The process of identifying types of organisms, whether in the wild or as species and museum specimens, is at the crux of the development of standards. The scientific community needs to reach a consensus regarding the distribution of information in a format that is standard compliant. In addition to these specific challenges, this community also faces the same challenges other digital initiatives encounter: the conversion of legacy data, digitization of a wide variety of media, the interweaving of resources, long-term storage and preservation of large datasets, and shared management of distributed assets. The Southeast Regional Network of Expertise and Collections (SERNEC) is a National Science Foundation (NSF) funded Research Coordination Network (RCN) that organizes a community to facilitate achievement of these goals at a realizable yet powerful scale. This regional consortium is a “virtual community” of herbarium curators that can be a model for other life science networks developing around the world. This grassroots network provides an electronic federated database that ideally seeks to disseminate all organism occurrences and attribute data in a compliant format, and provide critical tools for integrating large datasets with organisms identified using divergent taxonomic standards. This goal will be reached by working in concert with the larger global arena, led by the international efforts of the Taxonomic Database Working Group (TDWG) or Biodiversity Information Standards.

The SERNEC virtual community is supported by the image and digital object repository of the NSF funded Morphbank project. The Morphbank repository provides tools that allow users to collect and annotate objects in order to illustrate the complex relationships between them. Morphbank facilitates interactions among the virtual community members by providing a shared environment for capturing discussions about the underlying biological issues. As this database is built, it will be reviewed by the collective taxonomic expertise of this virtual community, resulting in an increasingly accurate portrayal of the biogeography of this region.

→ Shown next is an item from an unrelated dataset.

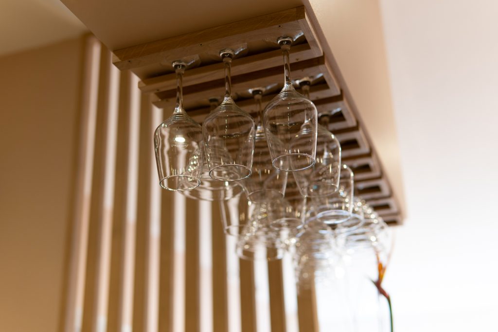 Rangement verres, étagères et claustras en chêne

The SERNEC virtual community is able to leverage the expertise of information scientists, social scientists, educators, and artists, as well as the region’s curators, to ensure data is reliable and authoritative. As collaborations within this virtual community grow, and as innovations such as interactive keys and mapping of biotic and abiotic components of the landscape develop, we will provide complex information in intuitively understandable fashion to various user groups, and therefore stimulate interest in plant systematics and biogeography. On a larger scale, this cooperative network will be capable of addressing the critical worldwide issues of habitat destruction, species loss, and global climate change.

http://www.sernec.org/
http://www.herbarium.unc.edu/seflora/firstviewer.htm

Handout (MS Word)

PowerPoint Presentation

The Biodiversity Heritage Library: A Knowledge Domain Enterprise (Garnett & Sarkar)

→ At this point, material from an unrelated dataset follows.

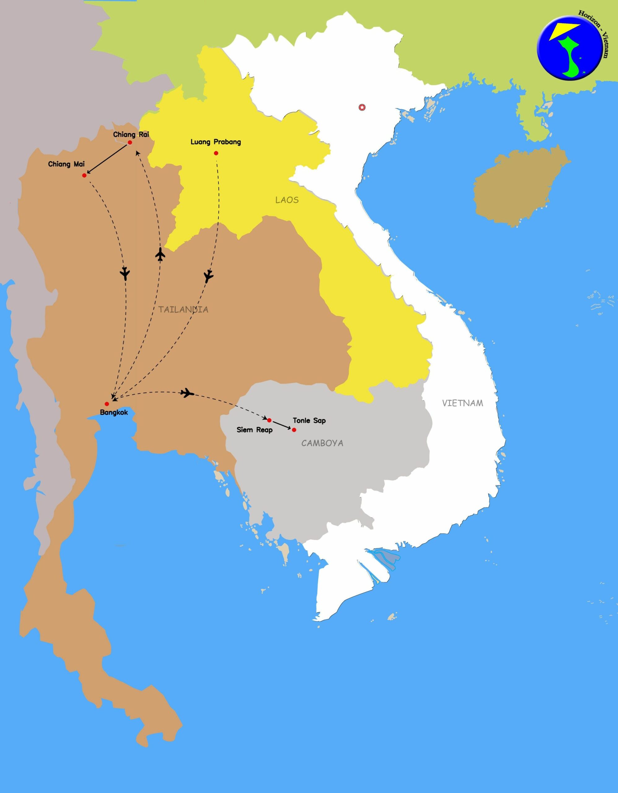 - Todos los boletos aéreos para vuelos nacionales: (LUANG PRABANG – BANGKOK, CHIANG MAI – BANGKOK, BANGKOK – SIEM REAP) en clase económica

Ten major natural history museum libraries, botanical libraries, and research institutions are joined in a collaborative effort to digitize legacy biodiversity literature in an open access manner. From this partnership grew the Biodiversity Heritage Library (BHL) project. The partners envision that any research scientist or student who has access to the Internet, located anywhere in the world, will be able to search for specific information in all of the literature relevant to biodiversity and transparently link into relevant taxonomic, geographic, or other useful databases. Such a tool would erase much of the expensive, labor-intensive work of library research and speed the production of research results many times over.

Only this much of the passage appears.